▸ **AIM OF THE EXERCISE**
Your job with the data below is to output exactly the lines from the one holding "Mexen Velar Duo" down to the one holding "Składniki: herbata zielona, aromat, cytryna", both included, and no others.
──────── DATASET
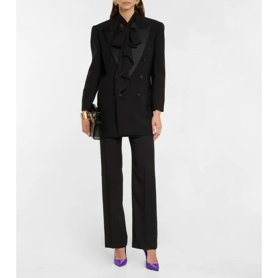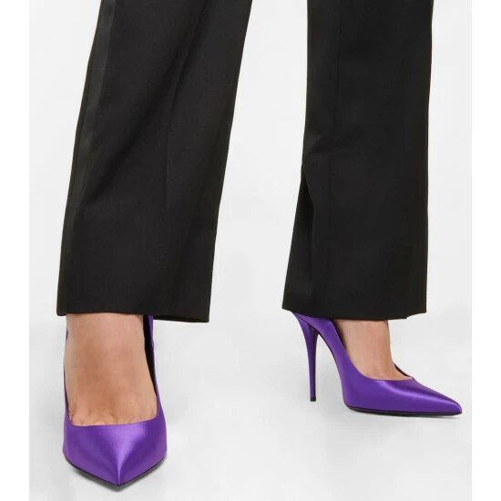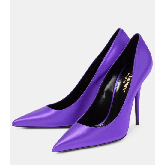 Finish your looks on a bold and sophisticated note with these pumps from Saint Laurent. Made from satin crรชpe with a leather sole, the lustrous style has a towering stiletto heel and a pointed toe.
────────────────
──────── DATASET
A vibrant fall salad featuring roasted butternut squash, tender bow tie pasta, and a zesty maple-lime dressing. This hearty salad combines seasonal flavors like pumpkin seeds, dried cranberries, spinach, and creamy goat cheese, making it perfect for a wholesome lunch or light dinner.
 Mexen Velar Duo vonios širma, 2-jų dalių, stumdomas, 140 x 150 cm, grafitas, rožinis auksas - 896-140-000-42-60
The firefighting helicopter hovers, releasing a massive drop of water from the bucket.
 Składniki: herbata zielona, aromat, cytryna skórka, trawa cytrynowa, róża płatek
────────────────
──────── DATASET
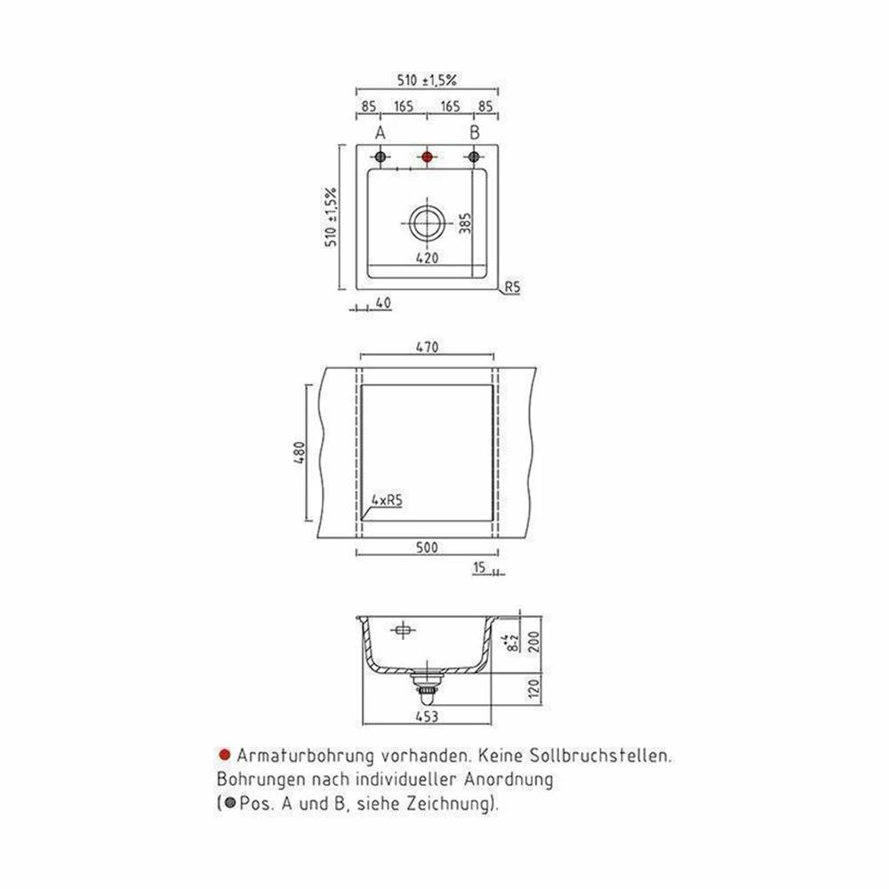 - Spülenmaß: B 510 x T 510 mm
────────────────
▸ **RESPONSE**
 Mexen Velar Duo vonios širma, 2-jų dalių, stumdomas, 140 x 150 cm, grafitas, rožinis auksas - 896-140-000-42-60
The firefighting helicopter hovers, releasing a massive drop of water from the bucket.
 Składniki: herbata zielona, aromat, cytryna skórka, trawa cytrynowa, róża płatek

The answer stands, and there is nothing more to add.